Lee Kantor: [00:07:48] How do we move forward? Because, you know, it’s hard to put the genie back in the bottle, right? Like, it’s difficult to say that we’re going to use the same system that was based on ad revenue and it was based on residuals and syndication and things like that. When that’s not the model of today, everything is on demand. You watch what you want to watch, when you want to watch it. It’s less driven by ads. It’s more driven by a variety of content. And whether they want to share the numbers of how many people are watching or not, the number is going to be a lot different than it was in the past. Like, isn’t that correct?
Rahul Telang: [00:08:34] Absolutely. I mean, that’s going to happen. But my feeling is that the number is going to change. And I think broadly, people have people have an understanding that how the numbers should be measured. My feeling is that as we go forward, the both parties will come to some sort of a agreement. That is, they will agree that when a show comes on a Netflix or a HBO Max or Paramount or whatever, they will have an agreement that how much is the worth of the show? And then they will have at least some numbers. Hopefully they will be, you know, more transparent, they will be more publicly available, and then they will have a number that, okay, this show came in, this happened, and that’s why it generated so much revenue. So as before, you know, when the movie came in, the box office money came in and we know how much money was generated when the show came in, how many people watched it. And then we knew how much the advertising money came in.
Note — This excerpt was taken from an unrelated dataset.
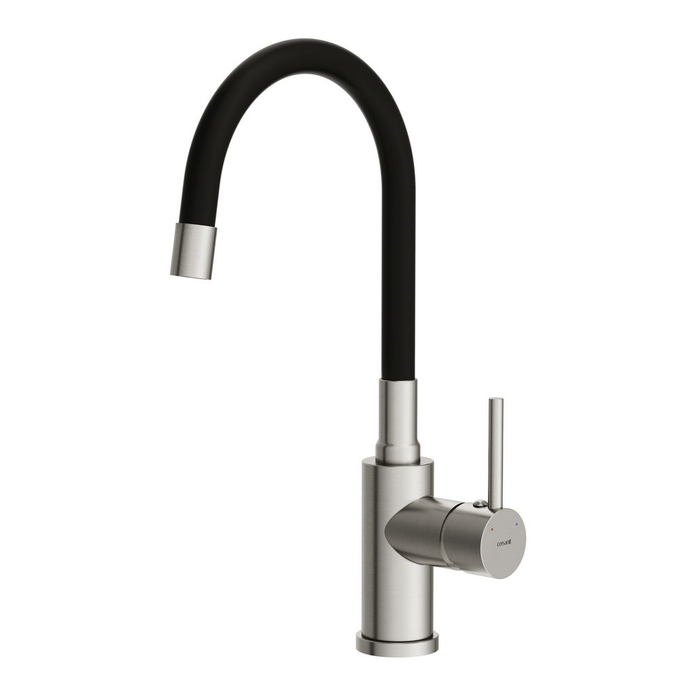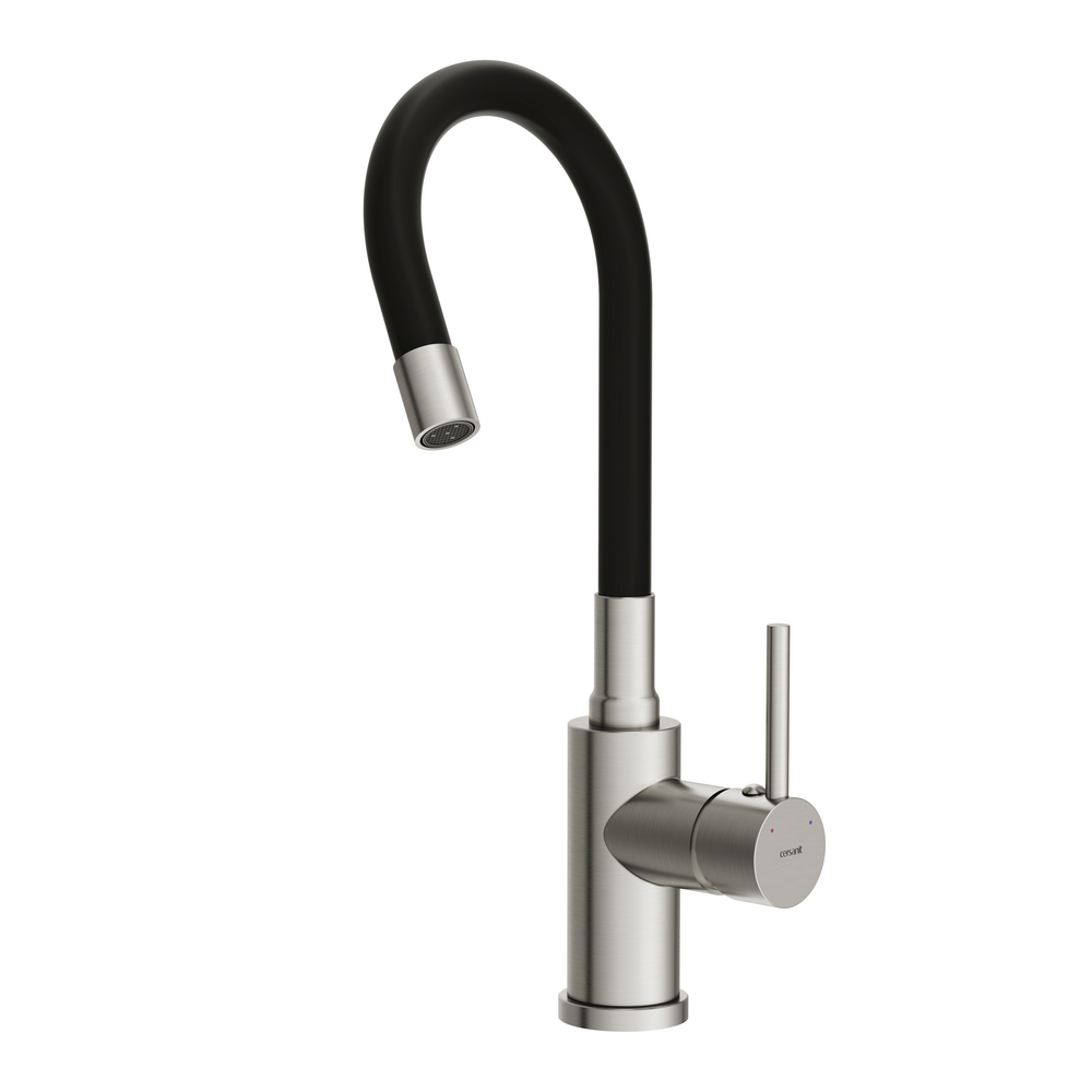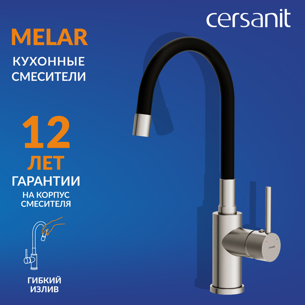Стильный и функциональный смеситель Melar в классическом дизайне станет гармоничной частью современного интерьера. Оборудование с гибким изливом превратит бытовые хлопоты в удовольствие. Оборудование представлено в стильной комбинации двух оттенков: это сатиновый корпус и матовый силиконовый излив черного цвета. За такими смесителями просто ухаживать, для поддержания эстетичного внешнего вида достаточно лишь стирать капли воды после использования.

In this same context, when the show comes on a streaming network, some measure will be actually developed, verified. And from that measure, there will be an agreement that how much approximate money is being generated and that will lead to at least some sort of agreement on how this contract situation will be resolved.
Lee Kantor: [00:10:03] Now, is it do you think it’s going to evolve into the movies and television and that kind of visual content similar to the way that it is with music and Spotify where they can give a fraction of a of a cent for every view, or they’ll come up with some number that based on this is the reality of how many people are streaming your show. And you might think that it’s super popular, but in the scope of things, you know, it’s only worth this fraction of a cent per stream.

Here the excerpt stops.